Facts
- Victoria Laundry (Windsor) Ltd (VLL), a laundry business, contracted with Newman Industries Ltd (NIL) for the purchase of a large boiler needed for immediate use in VLL’s operations, including a dyeing service.
- VLL informed NIL that the boiler was for immediate business use.
- NIL delayed delivery of the boiler by approximately five months, breaching the agreement.
- As a result, VLL claimed damages for lost profits due to the delay, specifically:
- Ordinary profits lost from the delay to their general laundry business.
- Exceptional profits lost from a lucrative government contract, which NIL did not know about.

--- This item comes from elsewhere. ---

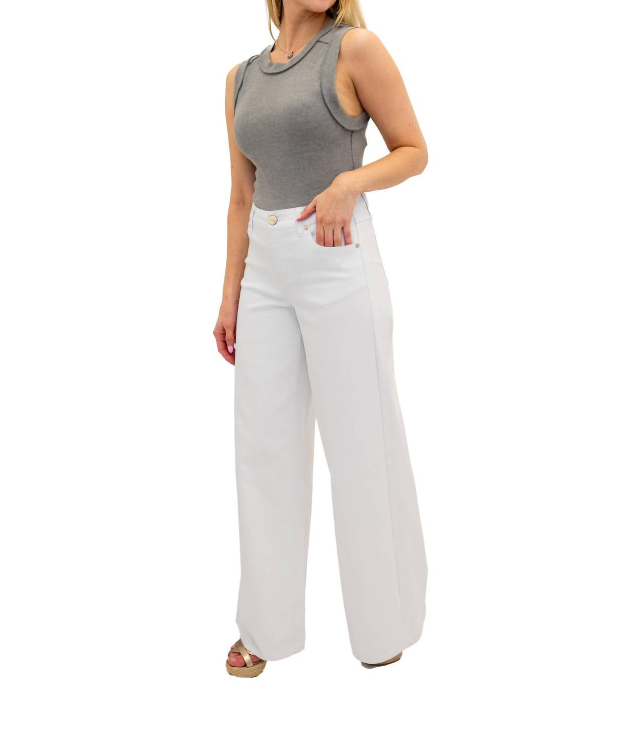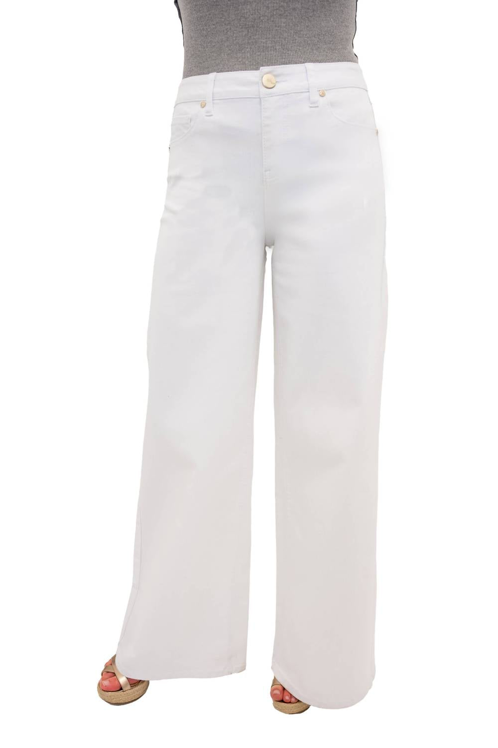 A flattering silhouette that's suprisingly versatile. Introducing the 33" Eco-friendly Wide Leg Jean by 1822 Denim in chic white, perfect for your spring and summer wardrobe. Crafted from a super comfortable recycled denim blend consisting of 65% cotton, 32% REPREVE® recycled polyester, and 3% spandex, these jeans feature a slim yet flattering wide leg profile with a slightly high waist rise. These eco-conscious jeans have a 33" inseam, 25" leg opening, and a 10 1/2" front rise, secured with a zip closure. Enjoy turning heads with their effortless style and sustainable fabrication.

- VLL initiated proceedings seeking to recover both ordinary and exceptional losses.
Issues
- Whether VLL could recover losses for ordinary business profits caused by NIL's delayed delivery.
- Whether VLL could recover exceptional losses arising from a missed government contract that NIL was not aware of.

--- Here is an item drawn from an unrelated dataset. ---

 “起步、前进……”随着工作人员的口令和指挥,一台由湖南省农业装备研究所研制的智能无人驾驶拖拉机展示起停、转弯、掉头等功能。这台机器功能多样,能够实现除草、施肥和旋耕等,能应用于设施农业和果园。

- What degree of foreseeability is necessary for a loss to be recoverable as damages for breach of contract.
- How remoteness of damage should be assessed when concurrent contract and tort claims arise.
Decision
- The Court of Appeal held that VLL could recover damages for the ordinary profits lost due to the delayed delivery, as these losses were foreseeable and within NIL’s knowledge from the contract.
- VLL could not recover damages for the exceptional profits lost from the missed government contract, as these were not within the contemplation of NIL and were not foreseeable based on the information NIL had at the time of contract formation.
- The court clarified that losses are only recoverable if, at the time of contracting, they were either naturally arising from the breach (“ordinary losses”) or if special circumstances had been communicated to the contract breaker.
- The degree of likelihood required was stated to be a “serious possibility” or a “real danger,” not absolute certainty.
Legal Principles
- Only losses reasonably foreseeable by the parties at the time of contract formation are recoverable for breach of contract.
- There is a distinction between ordinary losses (naturally arising from the breach and imputed to the parties) and exceptional losses (arising from special circumstances requiring actual communication to the contract breaker).
- The test of remoteness is objective: a reasonable person in the contract breaker’s position must have foreseen the type of loss as a serious possibility.
- Actual contemplation of the specific loss is not necessary; imputed or communicated knowledge suffices.
- In concurrent contract and tort claims, the contractual remoteness test governs, and is stricter than the remoteness test in tort.
Conclusion
Victoria Laundry (Windsor) Ltd v Newman Industries Ltd [1949] 2 KB 528 established that recoverable damages for breach of contract are limited to losses that are reasonably foreseeable at the time of contracting, either arising naturally from the breach or from special circumstances known to both parties. The case clarifies that losses must be a serious possibility in the reasonable contemplation of the parties, and contractual remoteness prevails over tort remoteness in concurrent claims.